The reader can easily check:

\begin{proposition}  \label{compositeofmono}
The composite of two monomorphisms is a monomorphism, as is the composite of
two epimorphisms.
\end{proposition} 

\begin{exercise} 
Prove \cref{compositeofmono}. 
\end{exercise} 


\begin{exercise} 
The notion of ``monomorphism'' can be detected using only the notions of
fibered product and isomorphism. To see this, suppose $i: X \to Y$ is a
monomorphism. Show that the diagonal
\[ X \to X \times_Y X  \]
is an isomorphism. (The diagonal map is such that the two
projections to $X$ both give the identity.) Conversely, show that if $i: X \to Y$ is any morphism such
that the above diagonal map is an isomorphism, then $i$ is a monomorphism.

Deduce the following consequence: if $F: \mathcal{C} \to \mathcal{D}$ is a
functor that commutes with fibered products, then $F $ takes monomorphisms to
monomorphisms.
\end{exercise} 


\section{Yoneda's lemma}

\add{this section is barely fleshed out}

Let $\mathcal{C}$ be a category.
In general, we have said that there is no way to study an object in  a
category other than by considering maps into and out of it.
We will see that essentially everything about $X \in \mathcal{C}$ can be
recovered from these hom-sets.
We will thus get an embedding of $\mathcal{C}$ into a category of functors.

\subsection{The functors $h_X$}

We now use the structure of a category to construct hom functors.
\begin{definition}
Let $X \in \mathcal{C}$. We define the contravariant functor $h_X: \mathcal{C}
\to \mathbf{Sets}$ via
\[ h_X(Y) = \hom_{\mathcal{C}}(Y, X).  \]
\end{definition}

This is, indeed, a functor. If $g: Y \to Y'$, then precomposition gives a map
of sets
\[ h_X(Y') \to h_X(Y),  \quad f \mapsto f \circ g \]
which satisfies all the usual identities.

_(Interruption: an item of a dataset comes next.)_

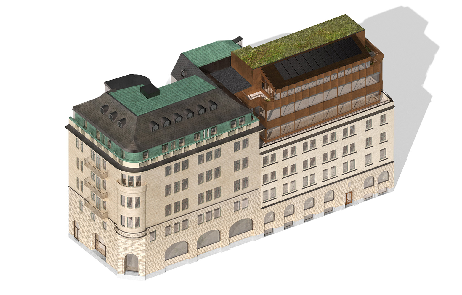 Ett lyckat exempel på hur man kan förtäta staden på ett hållbart sätt och samtidigt spara både tid och pengar är fastigheten Styrpinnen 15 i hörnet Kungsträdgårdsgatan–Näckströmsgatan mitt i centrala Stockholm. Den vackra sekelskiftesfastigheten ritades av arkitekten Erik Lallerstedt, och när den uppfördes för Hernösands Enskilda Banks räkning under åren 1889–1901 blev den startskottet för stadens finansiella maktcentrum.

As a functor, $h_X$ encodes \emph{all} the information about
how one can map into $X$.
It turns out that one can basically recover $X$ from $h_X$, though.

\subsection{The Yoneda lemma}

Let $X \stackrel{f}{\to} X'$ be a morphism in $\mathcal{C}$.
Then for each $Y \in \mathcal{C}$, composition gives a map
\[ \hom_{\mathcal{C}}(Y, X) \to \hom_{\mathcal{C}}(Y, X').  \]
It is easy to see that this induces a \emph{natural} transformation
\[ h_{X} \to h_{X'}.  \]
Thus we get a map of sets
\[ \hom_{\mathcal{C}}(X, X') \to \hom(h_X, h_{X'}),  \]
where $h_X, h_{X'}$ lie in the category of contravariant functors $\mathcal{C}
\to \mathbf{Sets}$.
In other words, we have defined a \emph{covariant functor}
\[ \mathcal{C} \to \mathbf{Fun}(\mathcal{C}^{op}, \mathbf{Sets}).  \]
This is called the \emph{Yoneda embedding.} The next result states that the
embedding is fully faithful.

\begin{theorem}[Yoneda's lemma]
\label{yonedalemma}
If $X, X' \in \mathcal{C}$, then the map
$\hom_{\mathcal{C}}(X, X') \to \hom(h_X, h_{X'})$ is a bijection. That is,
every natural transformation $h_X \to h_{X'}$ arises in one and only one way
from a morphism $X \to X'$.
\end{theorem}


\begin{theorem}[Strong Yoneda lemma]
\end{theorem}

\subsection{Representable functors}

We use  the same notation of the preceding section: for a category
$\mathcal{C}$ and $X \in \mathcal{C}$, we let $h_X$ be the contravariant
functor $\mathcal{C} \to \mathbf{Sets}$ given by $Y \mapsto
\hom_{\mathcal{C}}(Y, X)$.
\begin{definition}
A contravariant functor $F: \mathcal{C} \to \mathbf{Sets}$ is
\textbf{representable} if it is naturally isomorphic to some $h_X$.
\end{definition}

The point of a representable functor is that it can be realized as maps into a
specific object.
In fact, let us look at a specific feature of the functor $h_X$.
Consider the object $\alpha \in h_X(X)$ that corresponds to the identity.
Then any morphism
\[ Y \to X  \]
factors \emph{uniquely}
as \[ Y \to X \stackrel{\alpha}{\to } X  \]
(this is completely trivial!) so that
any element of $h_X(Y)$ is a $f^*(\alpha)$ for precisely one $f:  Y \to X$.

\begin{definition}
Let $F: \mathcal{C} \to \mathbf{Sets}$ be a contravariant functor. A
\textbf{universal object} for $\mathcal{C}$ is a pair $(X, \alpha)$ where $X
\in \mathcal{C}, \alpha \in F(X)$ such that the following condition holds:
if $Y$ is any object and $\beta \in F(Y)$, then there is a unique $f: Y \to X$
such that $\alpha$ pulls back to $\beta$ under $f$.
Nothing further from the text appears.